## Assigned task:
Before you reproduce the entries that follow, strip out any image they contain and keep the rest exact.

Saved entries
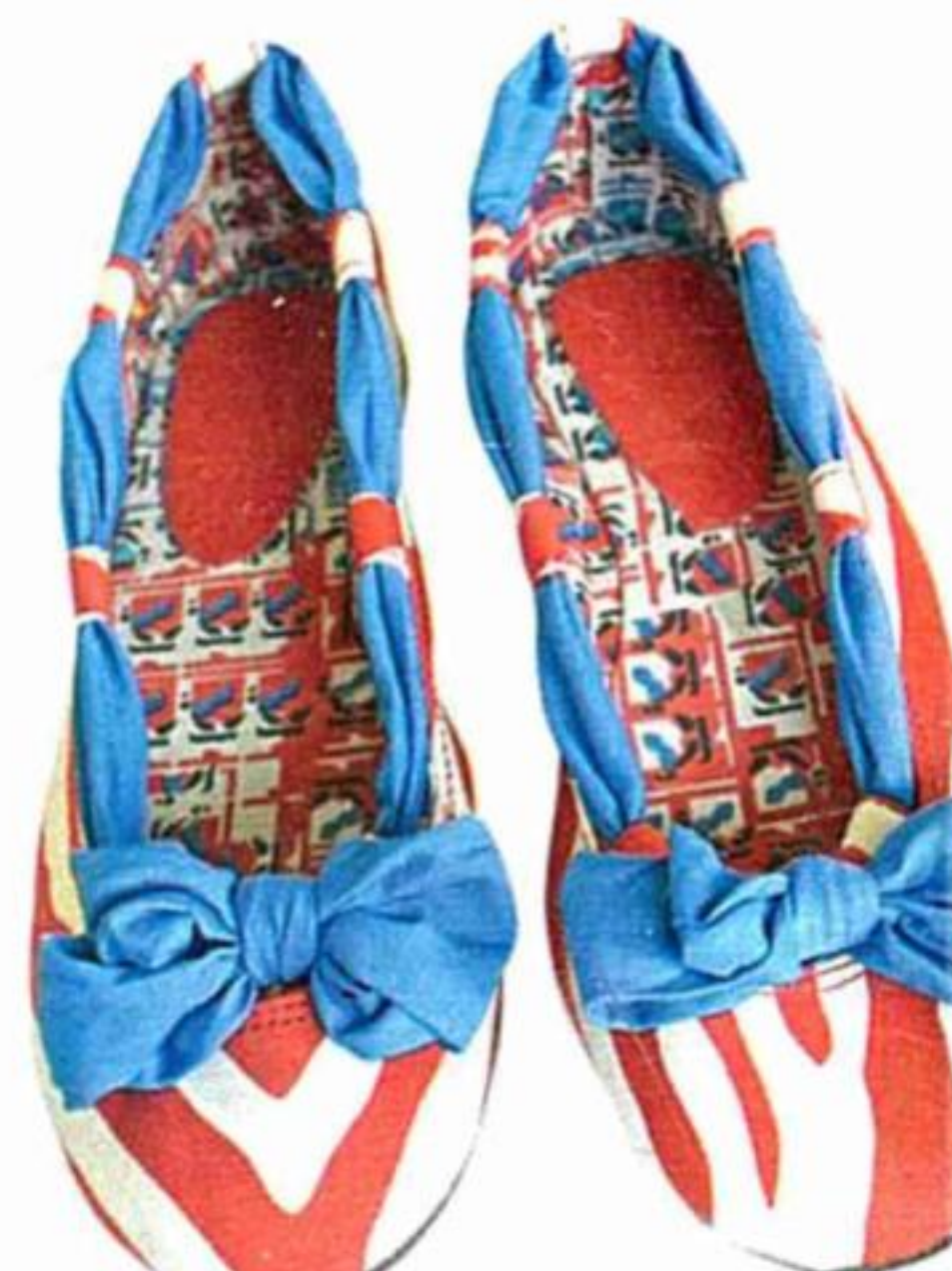
Shoes by Township Patterns R550
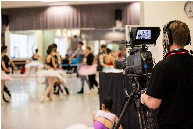
Artists of The Australian Ballet.

20 hours non-stop exclusive backstage footage From five of the world's leading ballet companies To be streamed on Facebook Live for the first time. The Australian Ballet, Bolshoi Ballet, The Royal Ballet, The National Ballet of Canada and San Francisco Ballet will collaborate for the third year in a row to broadcast 20 hours of behind-the-scenes footage on Tuesday 4 October. For the first time the stream of World Ballet Day LIVE will be shown via Facebook LIVE – the longest broadcast ever to be shown on the platform.
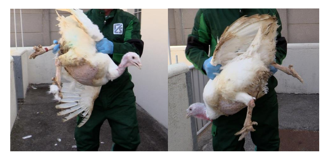
Figure3. Manual handling and restrain a turkey.

Turkeys are very strong birds with powerful legs and wings. As the HSA recommends (HSA Practical Slaughter of Poultry, 2021), to handle a turkey, the stockperson should reach from behind with one hand and take secure hold around both legs, gently lower the bird onto its breast, then slide their free arm over the wings and under the body. Later, the stockperson should lift the bird to his/her body. The stockperson can then transfer both legs into his/her other hand and use his/her free hand to control the wings.
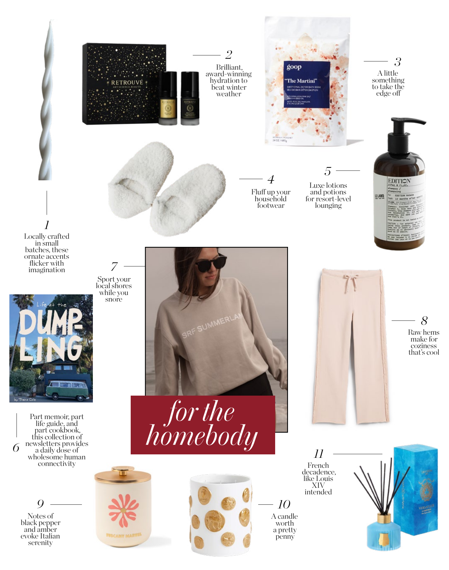
1. 12" Beeswax Twisted Candle, GLŌAM $20. 2. Holiday Harmony Skincare Duo, RETROUVÉ $295. 3. The Martini Emotional Detox Bath Soak, GOOP $40. 4. Shearling Moroccan Slippers, JENNI KAYNE $275. 5. Bath & Body Set, LE LABO X EDITION HOTELS $231. 6. Life at the Dumpling By Trisha Cole, DOMECIL $40. 7. SRF Summerland Crewneck, HEIDI MERRICK $160. 8. Bella Italian Sweatpant, FRANK & EILEEN $238. 9. Tuscany Marvel Travel From Home Candle, ASSOULINE $80. 10. Medaille Candle, L'OBJET $395. 11. Le Diffuseur - Versailles, TRUDON $250.

## Exercise output:
Shoes by Township Patterns R550
Artists of The Australian Ballet.

20 hours non-stop exclusive backstage footage From five of the world's leading ballet companies To be streamed on Facebook Live for the first time. The Australian Ballet, Bolshoi Ballet, The Royal Ballet, The National Ballet of Canada and San Francisco Ballet will collaborate for the third year in a row to broadcast 20 hours of behind-the-scenes footage on Tuesday 4 October. For the first time the stream of World Ballet Day LIVE will be shown via Facebook LIVE – the longest broadcast ever to be shown on the platform.
Figure3. Manual handling and restrain a turkey.

Turkeys are very strong birds with powerful legs and wings. As the HSA recommends (HSA Practical Slaughter of Poultry, 2021), to handle a turkey, the stockperson should reach from behind with one hand and take secure hold around both legs, gently lower the bird onto its breast, then slide their free arm over the wings and under the body. Later, the stockperson should lift the bird to his/her body. The stockperson can then transfer both legs into his/her other hand and use his/her free hand to control the wings.
1. 12" Beeswax Twisted Candle, GLŌAM $20. 2. Holiday Harmony Skincare Duo, RETROUVÉ $295. 3. The Martini Emotional Detox Bath Soak, GOOP $40. 4. Shearling Moroccan Slippers, JENNI KAYNE $275. 5. Bath & Body Set, LE LABO X EDITION HOTELS $231. 6. Life at the Dumpling By Trisha Cole, DOMECIL $40. 7. SRF Summerland Crewneck, HEIDI MERRICK $160. 8. Bella Italian Sweatpant, FRANK & EILEEN $238. 9. Tuscany Marvel Travel From Home Candle, ASSOULINE $80. 10. Medaille Candle, L'OBJET $395. 11. Le Diffuseur - Versailles, TRUDON $250.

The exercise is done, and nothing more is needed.